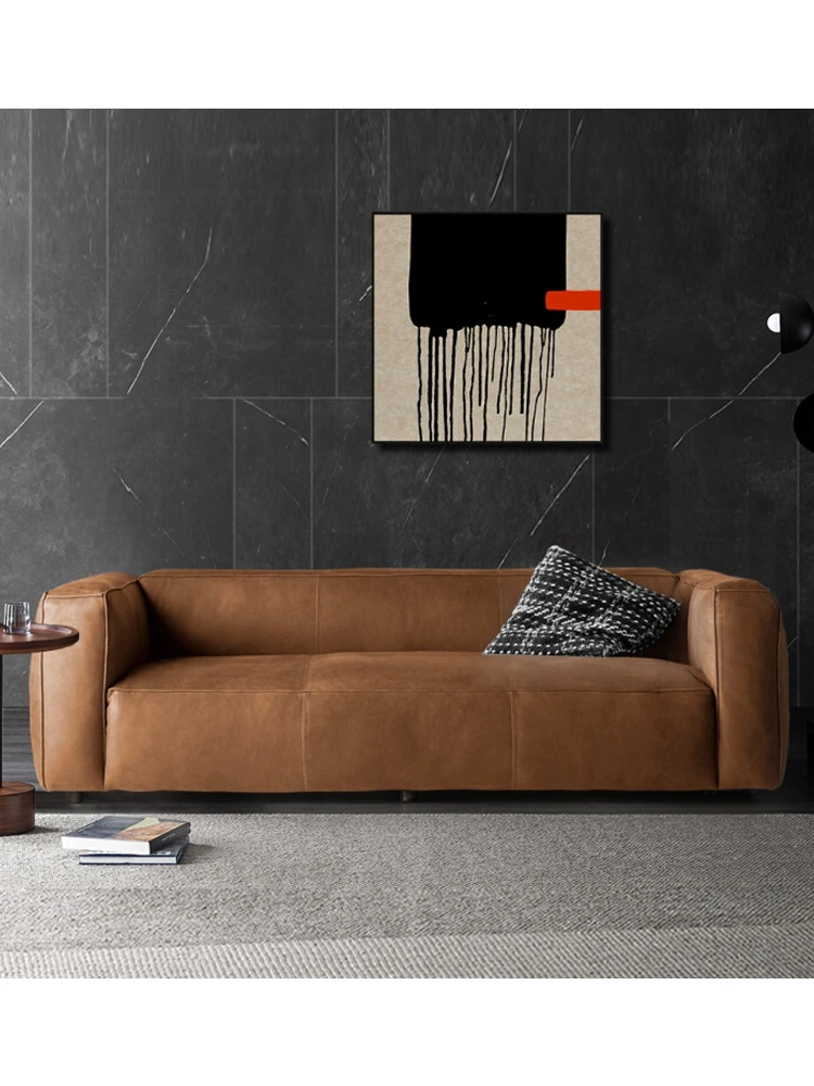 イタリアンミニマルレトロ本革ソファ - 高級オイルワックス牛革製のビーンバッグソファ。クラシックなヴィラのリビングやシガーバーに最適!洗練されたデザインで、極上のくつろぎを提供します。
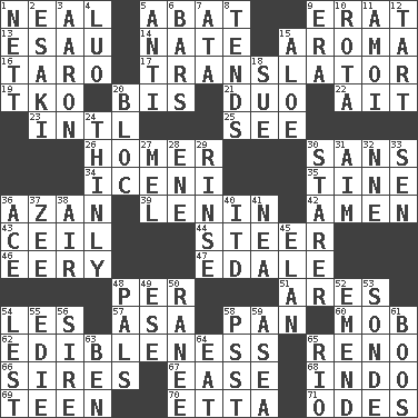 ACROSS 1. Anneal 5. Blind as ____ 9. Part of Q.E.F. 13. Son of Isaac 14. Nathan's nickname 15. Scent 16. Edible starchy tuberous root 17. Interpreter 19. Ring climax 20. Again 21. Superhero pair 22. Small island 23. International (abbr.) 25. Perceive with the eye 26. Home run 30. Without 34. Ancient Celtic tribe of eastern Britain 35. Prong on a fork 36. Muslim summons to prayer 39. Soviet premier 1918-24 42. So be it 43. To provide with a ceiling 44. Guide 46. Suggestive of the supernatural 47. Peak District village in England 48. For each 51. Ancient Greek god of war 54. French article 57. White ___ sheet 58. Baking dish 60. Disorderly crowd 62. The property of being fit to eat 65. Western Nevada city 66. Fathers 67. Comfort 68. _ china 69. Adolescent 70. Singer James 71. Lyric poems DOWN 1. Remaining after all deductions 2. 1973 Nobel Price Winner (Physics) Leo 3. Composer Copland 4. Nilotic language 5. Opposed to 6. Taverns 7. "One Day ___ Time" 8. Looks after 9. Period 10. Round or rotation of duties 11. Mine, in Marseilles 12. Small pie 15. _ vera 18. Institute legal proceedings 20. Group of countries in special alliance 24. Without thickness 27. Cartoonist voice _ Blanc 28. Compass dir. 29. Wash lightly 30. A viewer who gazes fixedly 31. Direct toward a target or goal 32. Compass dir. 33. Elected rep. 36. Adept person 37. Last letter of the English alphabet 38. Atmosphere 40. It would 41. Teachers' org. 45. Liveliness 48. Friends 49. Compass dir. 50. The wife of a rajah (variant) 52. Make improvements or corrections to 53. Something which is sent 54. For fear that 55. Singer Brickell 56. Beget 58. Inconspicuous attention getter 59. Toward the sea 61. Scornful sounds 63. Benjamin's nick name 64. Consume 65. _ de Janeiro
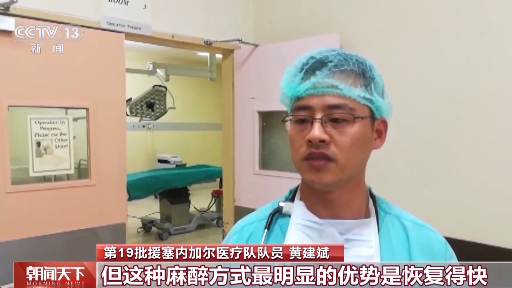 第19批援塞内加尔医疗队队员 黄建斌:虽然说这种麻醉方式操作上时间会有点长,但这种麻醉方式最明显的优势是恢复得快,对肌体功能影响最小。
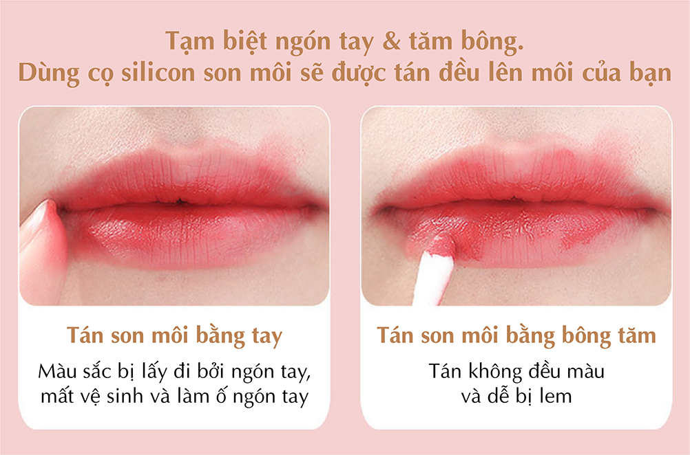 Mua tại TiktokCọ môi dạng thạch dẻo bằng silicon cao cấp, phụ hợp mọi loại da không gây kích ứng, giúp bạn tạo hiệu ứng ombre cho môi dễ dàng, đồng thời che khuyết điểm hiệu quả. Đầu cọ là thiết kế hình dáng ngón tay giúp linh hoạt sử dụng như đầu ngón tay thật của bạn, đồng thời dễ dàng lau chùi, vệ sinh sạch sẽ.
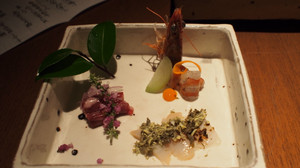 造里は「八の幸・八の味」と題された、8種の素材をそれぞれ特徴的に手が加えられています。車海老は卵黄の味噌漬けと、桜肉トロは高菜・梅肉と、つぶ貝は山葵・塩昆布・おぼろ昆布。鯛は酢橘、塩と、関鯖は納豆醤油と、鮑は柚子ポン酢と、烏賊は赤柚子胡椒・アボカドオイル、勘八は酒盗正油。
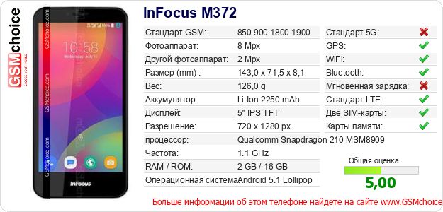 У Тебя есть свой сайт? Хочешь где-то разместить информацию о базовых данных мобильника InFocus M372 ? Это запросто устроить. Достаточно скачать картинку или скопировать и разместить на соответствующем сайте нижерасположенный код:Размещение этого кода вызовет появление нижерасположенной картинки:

# Exercise goal
Could you set down nothing but the lines from the one containing "造里は「八の幸・八の味」と題" through the last line of the records above, both ends included, exactly as given and free of pictures?

# Exercise response
 造里は「八の幸・八の味」と題された、8種の素材をそれぞれ特徴的に手が加えられています。車海老は卵黄の味噌漬けと、桜肉トロは高菜・梅肉と、つぶ貝は山葵・塩昆布・おぼろ昆布。鯛は酢橘、塩と、関鯖は納豆醤油と、鮑は柚子ポン酢と、烏賊は赤柚子胡椒・アボカドオイル、勘八は酒盗正油。
 У Тебя есть свой сайт? Хочешь где-то разместить информацию о базовых данных мобильника InFocus M372 ? Это запросто устроить. Достаточно скачать картинку или скопировать и разместить на соответствующем сайте нижерасположенный код:Размещение этого кода вызовет появление нижерасположенной картинки:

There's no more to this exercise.